Note that $D$ can not be zero and can not be $-1$, $A$, $B$, $m$ and $k$ can not be zero.
How can I prove that equality is not valid? i.e. that the right term cannot be a constant?
My question is related at this How to calculate this Differential Form
Original answer:
Note that the rhs is a polynomial, assuming $A$ and $B$ are nonnegative integers, which I suppose is unspecified. If we wanted to show that this equality cannot hold for functions of $u$, it suffices to show that the leading coefficient of $u$ on the right hand side is nonzero.

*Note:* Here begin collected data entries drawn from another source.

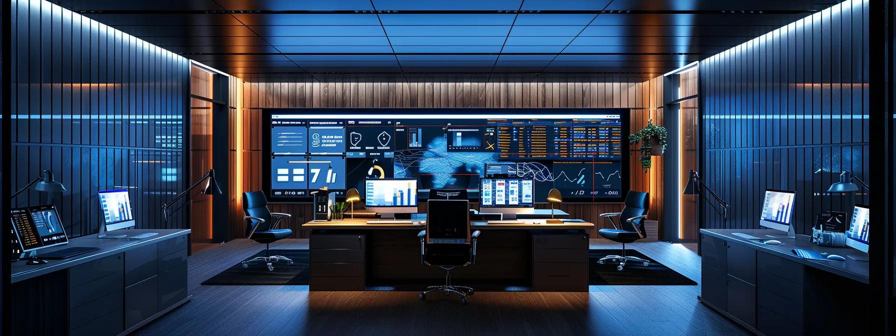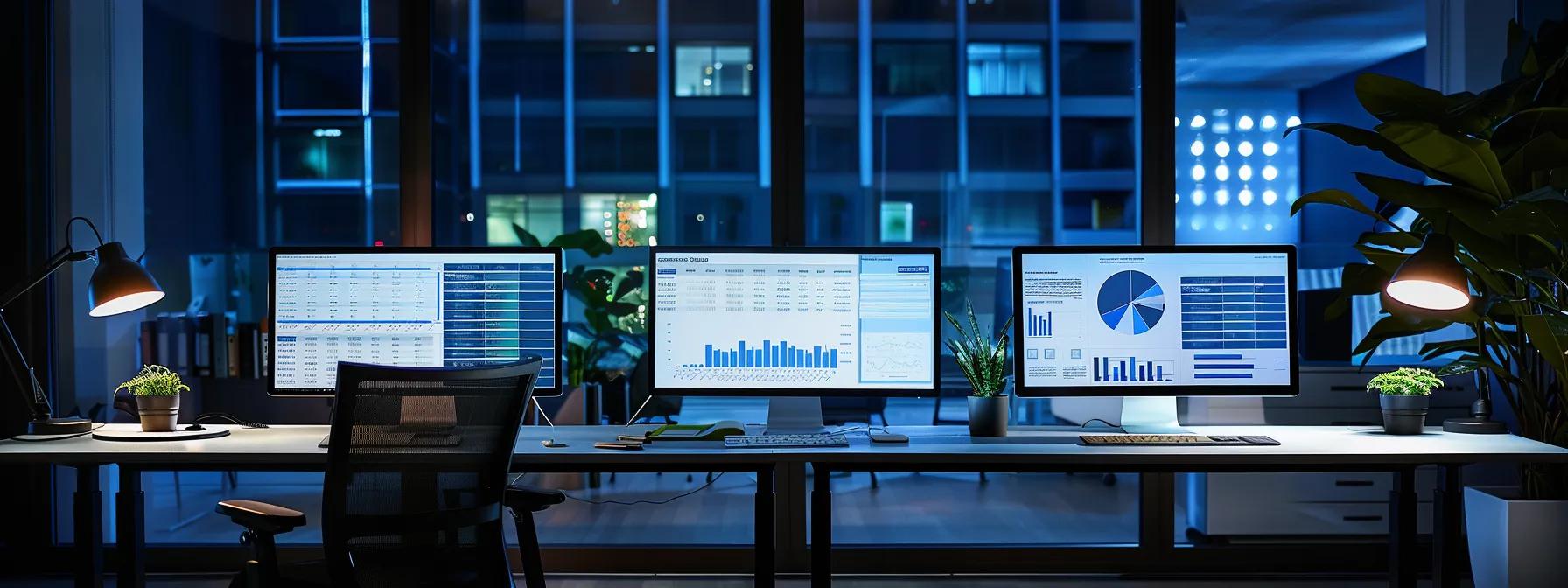 a sleek, modern office workspace with multiple computer screens displaying a dynamic webinar platform comparison chart, showcasing key features and integration capabilities, illuminated by focused overhead lighting to create an engaging and professional atmosphere.
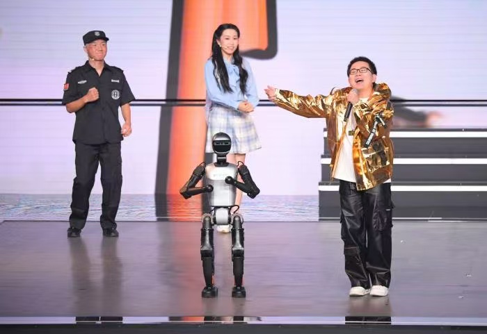 开幕式以“感知·亦城生命”“探索·亦城密码”“未来·亦城致远”三大篇章展开,14个节目紧扣经开区发展脉络。轻喜剧情景小品展现区域产业实力与宜居环境,机器人京剧秀实现传统与科技跨界融合,电声乐队与沙画演绎凸显“宜业更宜居”底色。其中,原创舞蹈《代码共生体》极具亮点,中国舞演员与宇树G1机器人“人机共舞”,将科技元素化作具象肢体语言,打造跨越人机边界的视觉体验。
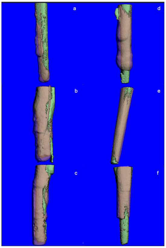 TIF images created from ScanCo Software v4.2. Superimposed micro-CT slices showing the pre- (green) and post- (pink) instrumentation root canal spaces. (a–c) Representative images from the MB group, showing dentin removal biased to one side of the canal. (d–f) Representative images from the US group, showing concentric dentin removal maintained within the center of the canal.
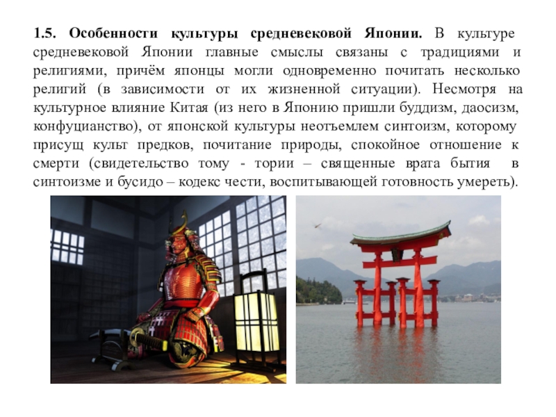 Слайд 111.5. Особенности культуры средневековой Японии. В культуре средневековой Японии главные
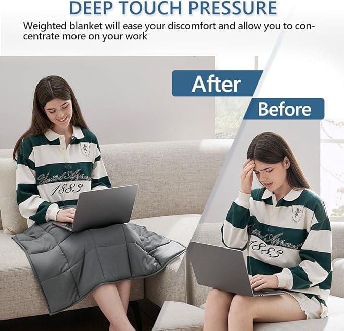 - Meet Your Various Needs: Our weighted blanket is perfect for adults, seniors, and pets. It can be used as a knee blanket for people with leg discomfort. When you are easily distracted at work, you can put heavy blanket over your shoulders, it can help you improve concentration. Body weighted blanket 5 lbs is perfect for people with "sensory needs" or "first-time users". Our weighted blanket is also a good choice if your pets are afraid of "rainy days"

Thus let's compute the leading coefficient. The degree of the highest power of $u$ is $6A+6B+9$, so we'll consider the coefficients of these terms.

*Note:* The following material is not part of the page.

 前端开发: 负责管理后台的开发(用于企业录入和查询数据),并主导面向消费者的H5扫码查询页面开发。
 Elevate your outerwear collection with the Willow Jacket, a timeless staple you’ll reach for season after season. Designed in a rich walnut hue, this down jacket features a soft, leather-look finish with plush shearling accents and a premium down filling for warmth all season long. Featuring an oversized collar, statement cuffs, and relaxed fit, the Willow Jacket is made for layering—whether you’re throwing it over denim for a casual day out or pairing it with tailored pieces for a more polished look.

It comes out to be $(2ABD+4DB)D^{2B+3}+(2B^2D^2+BD^2)D^{2B+2}$. Since $D$ is nonzero, we can divide this by $D^{2B+4}$ without affecting whether or not this is zero, to get the simpler expression $$2AB+4B+2B^2+B=(2A+2B+5)B,$$ and since $B$ is nonzero, this is nonzero if and only if $2A+2B+5$ is.
Since I've assumed $A$ and $B$ are nonnegative anyway, $2A+2B+5 \ge 5 > 0$, so the leading coefficient is nonzero, so the equality fails to hold.
Addressing the comments
The OP has clarified that $A$ and $B$ are not necessarily either integers or positive. That said, a similar approach remains valid, but we must do casework on the signs of $A$ and $B$. Actually, note that the sign of $A$ is irrelevant, since we can factor a $u^{6A}$ out of the entire rhs and what remains doesn't have exponents that depend on $A$.

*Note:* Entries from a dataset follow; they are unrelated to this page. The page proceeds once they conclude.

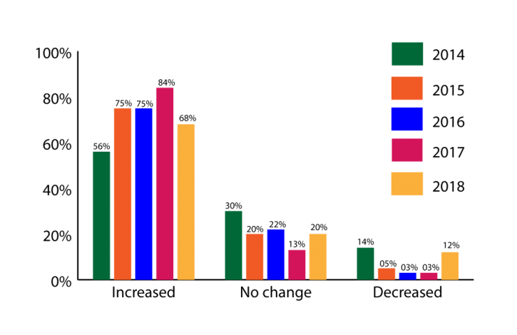 For the first time in four years respondents' are less likely to report that multiple offers in their area are on the increase. The percentage indicating so still reaches 68 percent, but it is less than the 75 percent reported in 2015 and 2016 and much less than the 84 percent reported in October of last year.
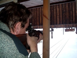 Nach Peters Schießkünsten machen wir uns aber wieder auf den Heimweg, denn es dauert uns zu lange, bis jeder eingewiesen ist und endlich seine 5 Schuss abgibt. Inzwischen setzt Tauwetter ein und es fängt an zu nieseln. Schade.
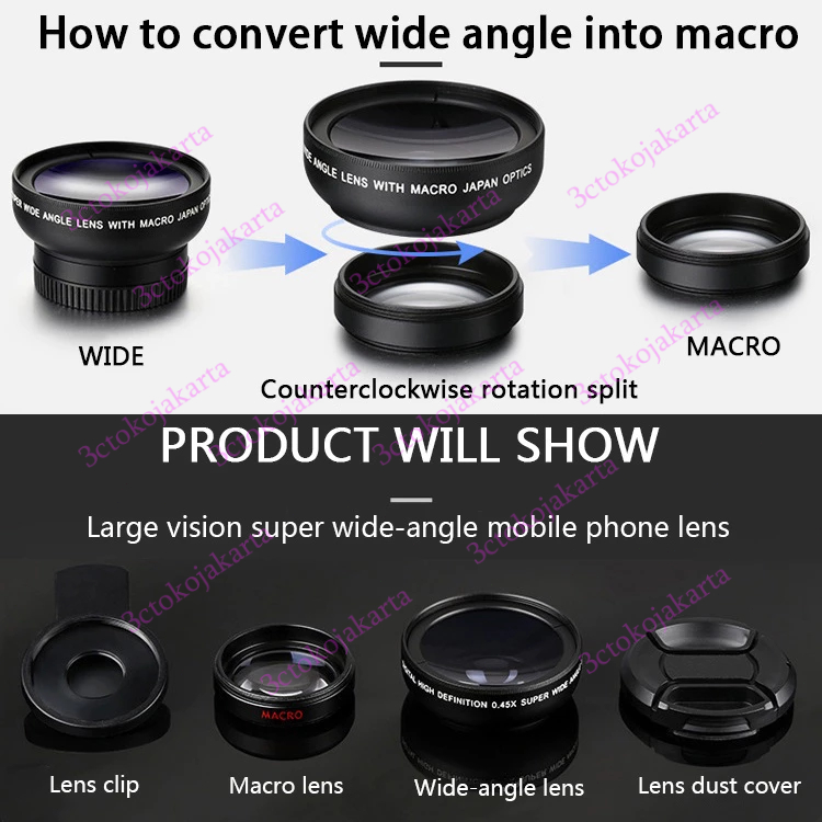 2 In 1 Lensa Super Wide Angle Lens Macro Smartphone Aksesoris Lensa Pembesar 12.5X Camera HP Dengan Klip Untuk Handphone
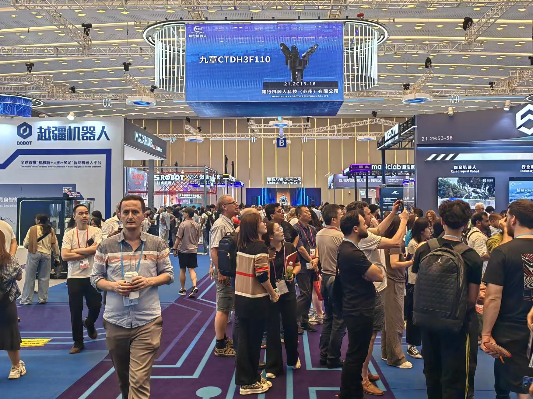 在知行机器人的展位上,人形机器人“撼岳”一出场就引起了“围观”。这款全身搭载20余个高精度驱动关节的机器人,既能扛起30公斤重物完成物流搬运,也能以亚毫米级精度执行零件装配、螺丝旋拧等精细操作。“从工厂的柔性生产、实验室的试剂处理,到商场的货物上架、园区的安防巡检,我都能胜任。”“撼岳”一边“自我介绍”,一边灵活地挥手致意,逗笑了不少围观客商,现场气氛轻松热烈,大家都抢着和它“交朋友”。
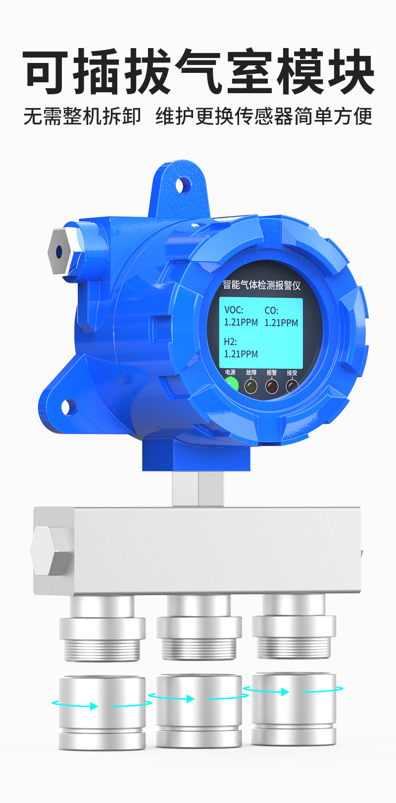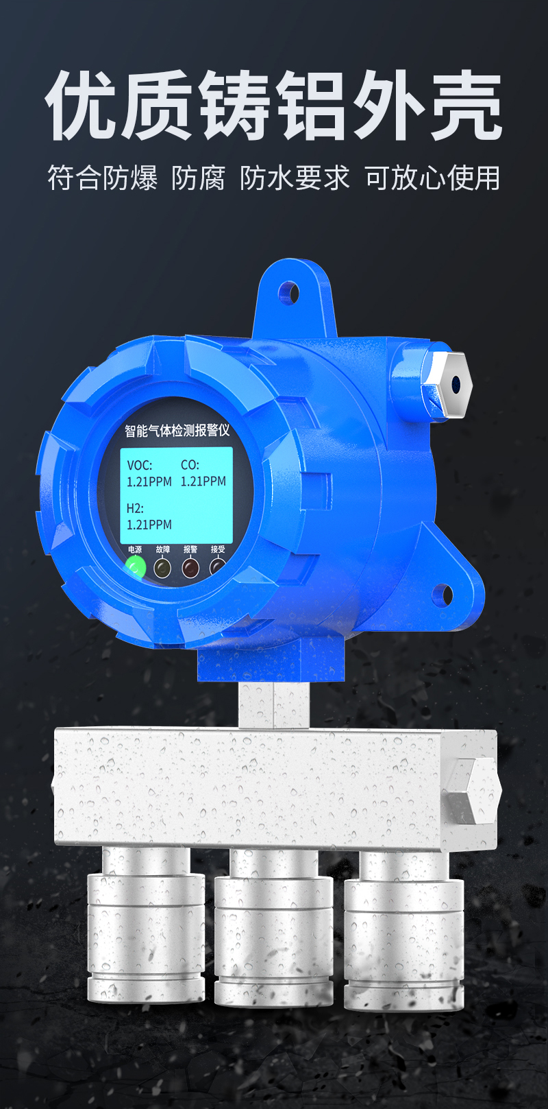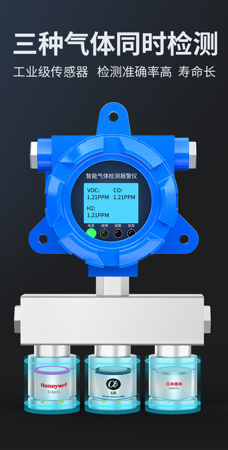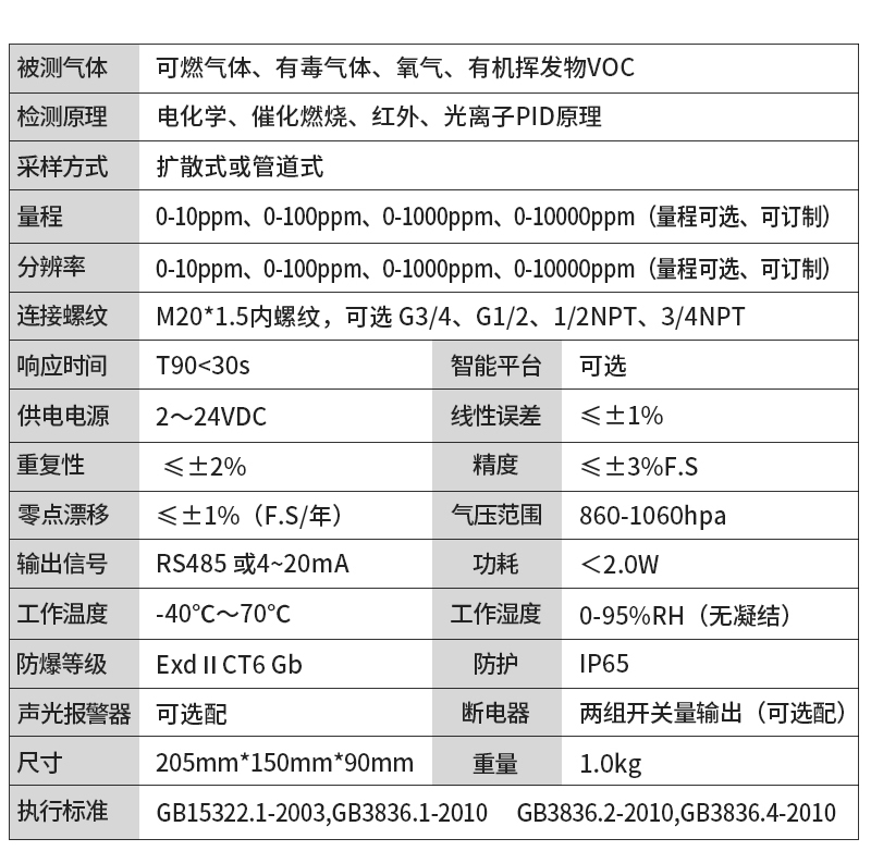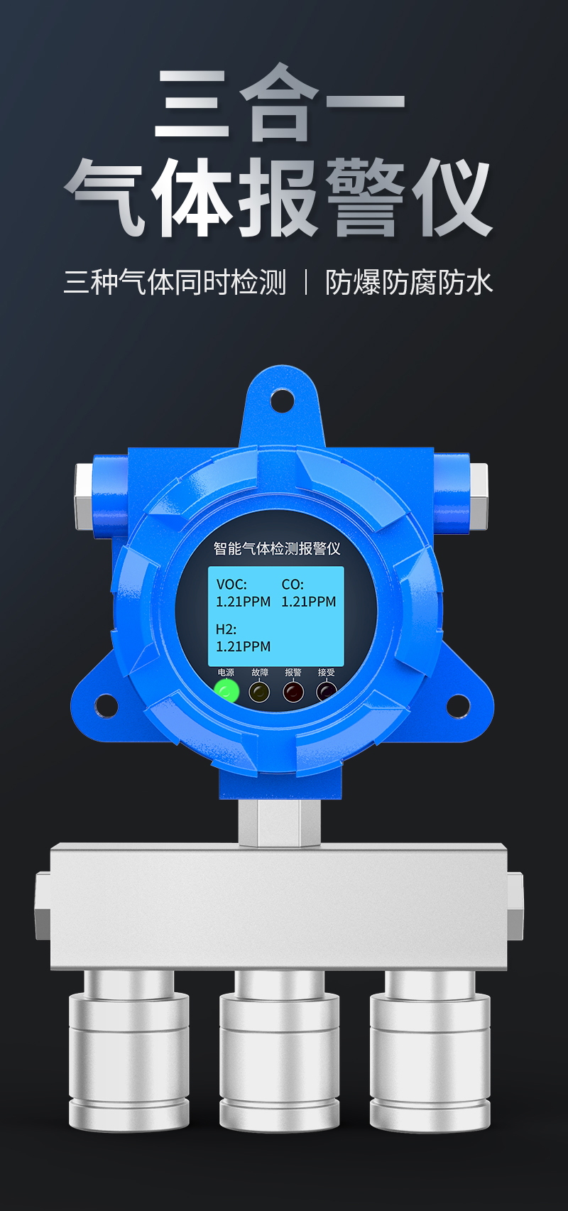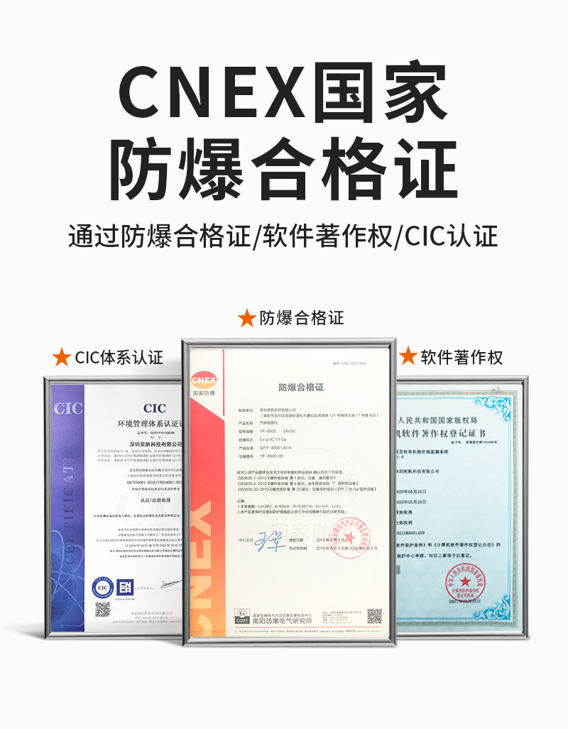 奕帆科技YF-8500-X3防爆型三合一氣體檢測儀,可同時檢測三種氣體。適用于石油化工等存在易燃易爆或有毒氣體的場所,可實時準確檢測氣體濃度。采用進口高精度傳感器和微控制器技術,響應速度快,測量精度高,穩定性和重復性好等優點。防爆接線方式活用于各種危險場所,并兼容各種控制報警器,PLC,DCS等控制系統,可以同時實現現場報警預警,4-20mA標準信號輸出,繼由器開關量輸出,易示各項技術指標和顯示濃度值,同時具有多種極的電路保護功能,有效防止各種人為因素,不可控因素導致的儀器損壞。

If $B\ge 0$, and $2A+2B+3\ne 0$ then since the highest exponent on $u$ is $6A+6B+9\ne 0$, we can divide both sides of the equation by $u^{6A+6B+9}$ and take the limit as $u$ goes to infinity to get that if the equality held, we must have $$\lim_{u\to\infty} \frac{-mu^{6A+6B+9}}{2}=(2ABD+4DB)D^{2B+3}+(2B^2D^2+BD^2)D^{2B+2},$$ as before.
If $2A+2B+3 < 0$, the left hand limit is $\infty$, so the equation is never satisfied. On the other hand, if $2A+2B+3 > 0$, the left hand limit is $0$, so we get $2A+2B+5=0$ again, but $2A+2B+5 > 2A+2B+3 > 0$, so this is never satisfied either.
For this case it remains to address what happens when $2A+2B+3=0$, but I'll neglect this more specific case for now.
Incomplete I'll have to think about the other case, when $B\le 0$ later.